## Question 1:

### Part (a)
$\frac{1}{(r+3)(r+4)} \equiv \frac{1}{(r+3)} - \frac{1}{(r+4)}$ | B1 | Cao, no working needed – ignore any shown

### Part (b)
$r=1$: $\frac{1}{4} - \frac{1}{5}$ | | |

$r=2$: $\frac{1}{5} - \frac{1}{6}$ | | |

$...r=n-1$: $\frac{1}{(n+2)} - \frac{1}{(n+3)}$ | | |

$r=n$: $\frac{1}{(n+3)} - \frac{1}{(n+4)}$ | M1 | First 2 and last term or first and last 2 terms required. Must start at $r=1$. First term complete, 2nd and last may be partial or last term complete 1st and penultimate partial.

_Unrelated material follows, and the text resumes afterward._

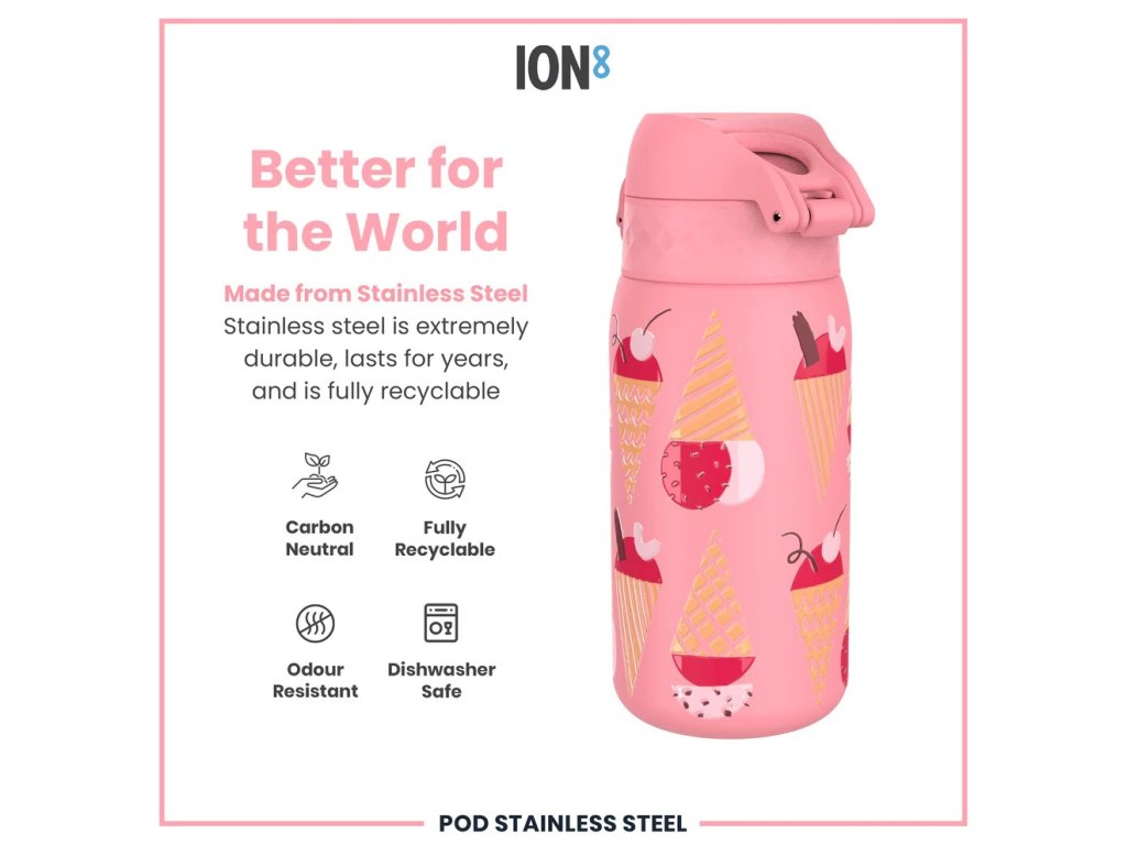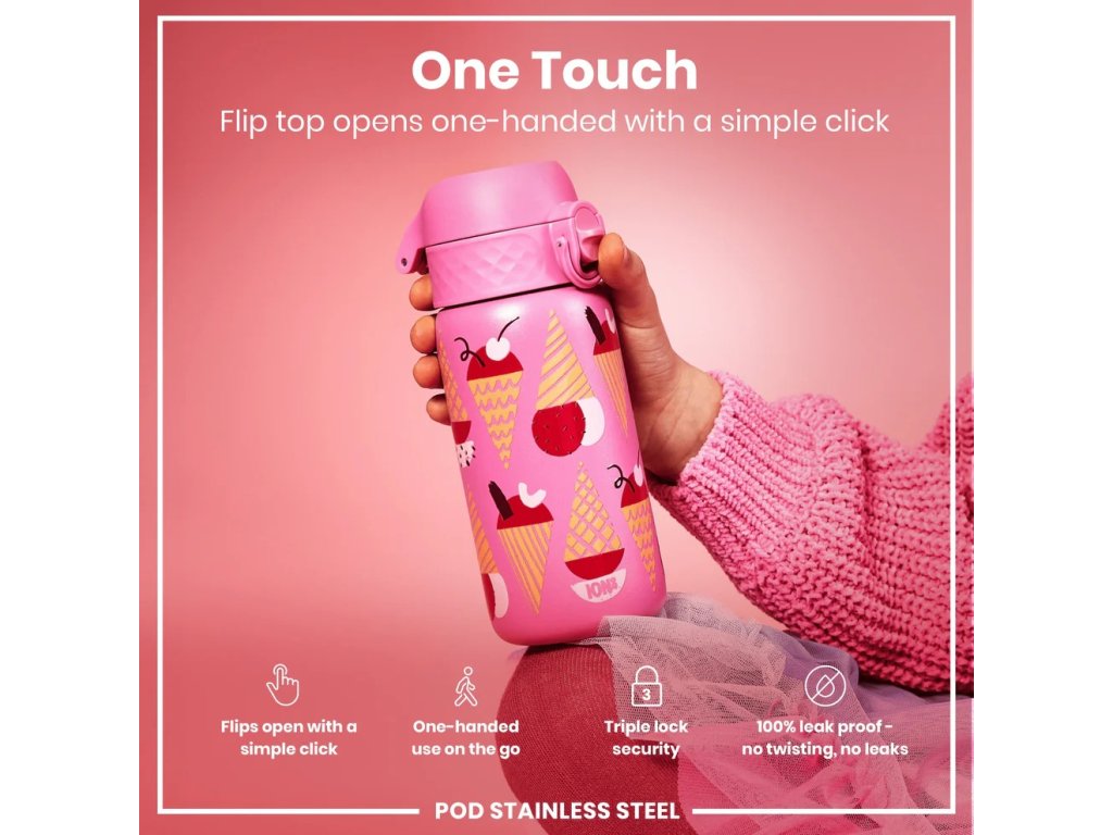 Nerezová láhev na pití Leak Proof Ice Creams 400 ml od firmy ion8 je praktická láhev, kterou užijí děti i dospělí. Hodí se do školy, na sport i na cestování.

$\sum_{r=1}^{n} \frac{1}{(r+2)(r+3)} = \frac{1}{4} - \frac{1}{(n+4)}$ | M1A1 | Cancel terms

$\sum_{r=1}^{n} \frac{1}{(r+2)(r+3)} = \frac{n}{4(n+4)}$ | dM1, A1cso | Find common denominator, dependent on second M mark. Need not be shown explicitly. $(a=4)$

**NB1:** All marks can be awarded if work done with values $1,2,...r$ and then $r$ replaced with $n$; if no replacement made, deduct final A mark.

**NB2:** $\frac{1}{4} - \frac{1}{(n+4)}$ with NO other working gets M0M1A1M1A0 max

### Part (c)
$\sum_{r=15}^{30} \frac{1}{(r+3)(r+4)} = \frac{30}{4(30+4)} - \frac{14}{4(14+4)}$ | M1 | Accept $n=30$ and $n=14$ only in their answer to (b). Must be subtracted.

$= \frac{4}{153}$ oe (exact) | A1 | Exact answer $\frac{4}{153}$ implies method provided no incorrect work seen in (c).

**ALT:** Use method of differences again, starting at $r=15$ and ending at $r=30$ | M1 | Complete method

$= \frac{4}{153}$ oe (exact) | A1 | Correct answer

---